The Court case concerned two family law appeals, each involving allegations of domestic abuse, rape and sexual assault, by one parent against the other. Together with leading counsel, I represented the father in the second appeal case. At the initial fact-finding hearing, the judge did not find that the father raped or attempted to strangle the mother. The mother appealed the judge’s findings and the two appeals were listed together as they both centred on whether the definition of rape, sexual assault and consent used in criminal law cases should be applied in family law proceedings.

To put the appeal case into context, the father I represented had applied for a child arrangement order seeking a shared parenting arrangement for the couple’s child. As the mother had made serious domestic violence allegations against the father, the family judge decided to hold a fact-finding hearing to determine the mother’s allegations, before a second Court hearing was scheduled to decide whether shared parenting was in the child’s best interests.

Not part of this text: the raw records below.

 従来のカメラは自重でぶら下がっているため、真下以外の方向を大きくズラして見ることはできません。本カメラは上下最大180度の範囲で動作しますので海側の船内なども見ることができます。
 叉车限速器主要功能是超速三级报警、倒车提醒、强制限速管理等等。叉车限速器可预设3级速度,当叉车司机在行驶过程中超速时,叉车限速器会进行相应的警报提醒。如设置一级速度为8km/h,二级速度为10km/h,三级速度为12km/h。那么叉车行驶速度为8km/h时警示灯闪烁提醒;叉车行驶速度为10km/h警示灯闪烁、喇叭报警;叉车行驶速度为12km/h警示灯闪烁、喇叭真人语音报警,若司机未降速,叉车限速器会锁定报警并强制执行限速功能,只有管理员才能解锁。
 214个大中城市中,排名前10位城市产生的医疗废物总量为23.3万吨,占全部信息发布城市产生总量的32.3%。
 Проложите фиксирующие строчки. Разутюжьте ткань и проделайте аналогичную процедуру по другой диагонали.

Whilst the judge made several domestic abuse findings against the father, such as economic control, the judge did not make a finding that the father had sexually assaulted and strangled the mother. In the mother’s appeal, the Appeal Court judge was asked to consider several issues, such as whether the family Court should apply a consistent definition of rape, sexual assault and consent and if the legal definitions of rape, sexual assault and consent used in the criminal justice system should be used by judges in the family Court.

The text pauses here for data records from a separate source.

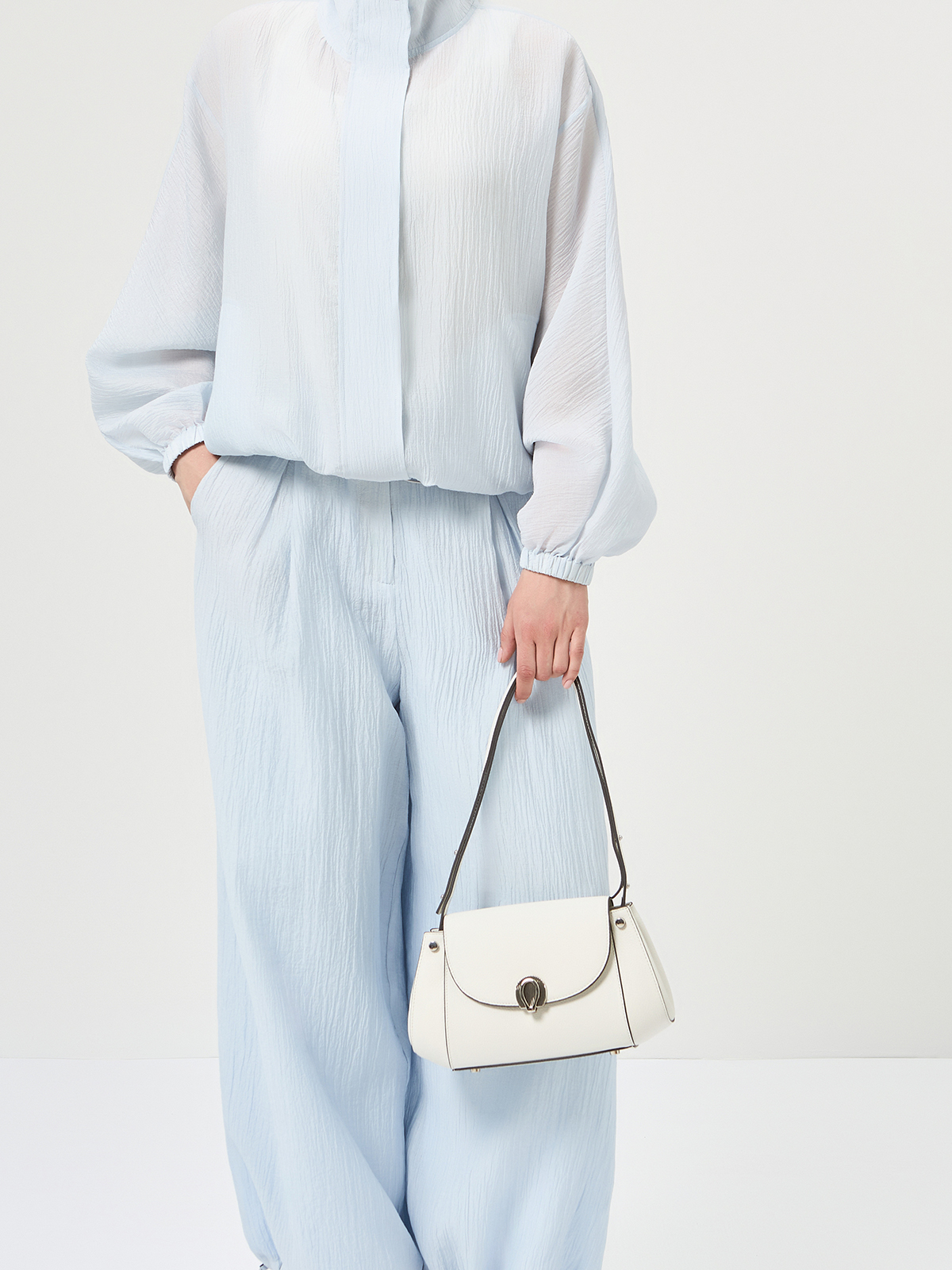 Женская сумка торговой марки Labbra из натуральной кожи. Модель закрывается клапаном на замок. Содержит внутри один отдел, в котором имеются карман на молнии и открытый карман. На задней стенке есть карман на молнии. Высота ручки - 25 см. Длина ручки, которая трансформируется в плечевой ремень - 111 см, ширина - 1,5 см. Модель имеет ножки на дне. Не вмещает формат А4.
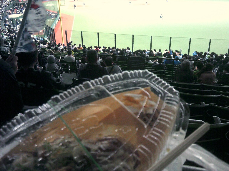 寒いんですが、後ろから四列目ぐらいの席で、雨が降り込んでくるのでミストシャワーみたいになってより寒かった。さすがは全天候型野外球場を名乗るだけありますね。ライオンズ側はやけに景気がいいと思ったら、今日は花咲徳栄のブラバンが来て応援のリードをしてくれているらしい。サスケはいい歌だなあ。
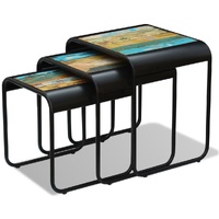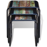 This vintage-style set of 3 wooden nesting tables, made of solid reclaimed wood, will make a timeless addition to your home. These tables can be used as coffee tables, couch tables, living room tables, side tables, nightstands, telephone stands, etc. Thanks to the strong steel frame, the tables are very steady and durable. Being stackable, these tables save a lot of space when not in use. The tables are made of recycled wood, which means every piece of furniture is unique and slightly different from the next. Furniture made of reclaimed wood has the characteristics of different woods, like teakwood, acacia, mango wood, saal wood, etc. Reclaimed wood is solid, stable, durable, and beautiful. Signs of wear and visible grain structure give each piece its own history and unique look. The table set is fully handmade, and the craftsmanship adds to its spectacular retro style. Every step of the process is carried out with the greatest care, be it recombining, polishing, painting or waxing. Important note: Colours vary from piece to piece, making each of our tables unique. The delivery is random, ensuring the exclusivity and individuality of your product.
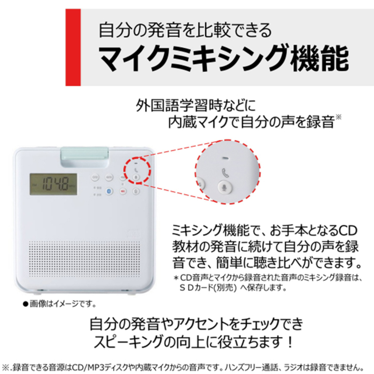内蔵マイクにCDとのミキシング機能付きで、お手本となるCD教材の発音に続けて自分の声を録音して聴き比べができます。CD音声とマイクから録音された音声のミキシング録音は、SDカード(別売)へ保存します

‘Findings’ are a bit of a mystery to a parent when they first apply or respond to a child arrangement order application. If a parent has been convicted of a criminal offence, a family judge will not look behind that conviction and will base their family law decision on the criminal conviction, after considering the welfare checklist focusing on an assessment of the best interests of a child.

In the majority of family law proceedings, there is no criminal proceedings or conviction and, in their absence, the family judge has to determine if domestic violence, such as sexual assault, took place and make a finding on it. The extent of the findings will influence the outcome of the second welfare hearing, where the judge has to make a child arrangement order after an assessment of the child’s best interests, based on the factual matrix of the findings made at the fact-finding hearing.

In this case, the mother appealed as she feared that without a finding of rape or attempted strangulation the Court would conclude at the welfare hearing that contact between father and child was in the child’s best interests.

The case made it into the Daily Mail news reports because the trial judge referred to the mother’s intelligence in their decision on findings. The judge gave importance to the fact that an intelligent lady could not roughly date when the alleged rape had taken place. The case concerned complex legal arguments between definitions in the criminal and family Courts and human rights arguments, however, in the media much of the case was condensed down into headline news on the relevance of a women’s intelligence in allegations of sexual assault and rape.

After careful analysis and after offering guidance on the approach to be taken when assessing rape and assault allegations in fact-finding hearings, the Appeal Court allowed the mother’s appeal in part. The appeal judge said the Court should not interfere with the original judge’s finding that the mother was not raped by the father as the trial judge had the benefit of hearing from both parents and was best placed to assess the credibility of their evidence and determine the factual issues. However, the Appeal Court concluded that the original judge had not stood back from their individual findings to assess whether all their findings amounted to a pattern of abusive behaviour by the father, that could in turn have profound implications for what child arrangement order is made and future contact between father and child.

When looking back over the appeal and the media reporting only one aspect of the case, I am more convinced than ever of the importance of an early conference with parents where serious allegations of domestic abuse are made, so parents understand how allegations of any nature can become part of the ‘big picture’ when a Court considers if future contact is in a child’s best interests.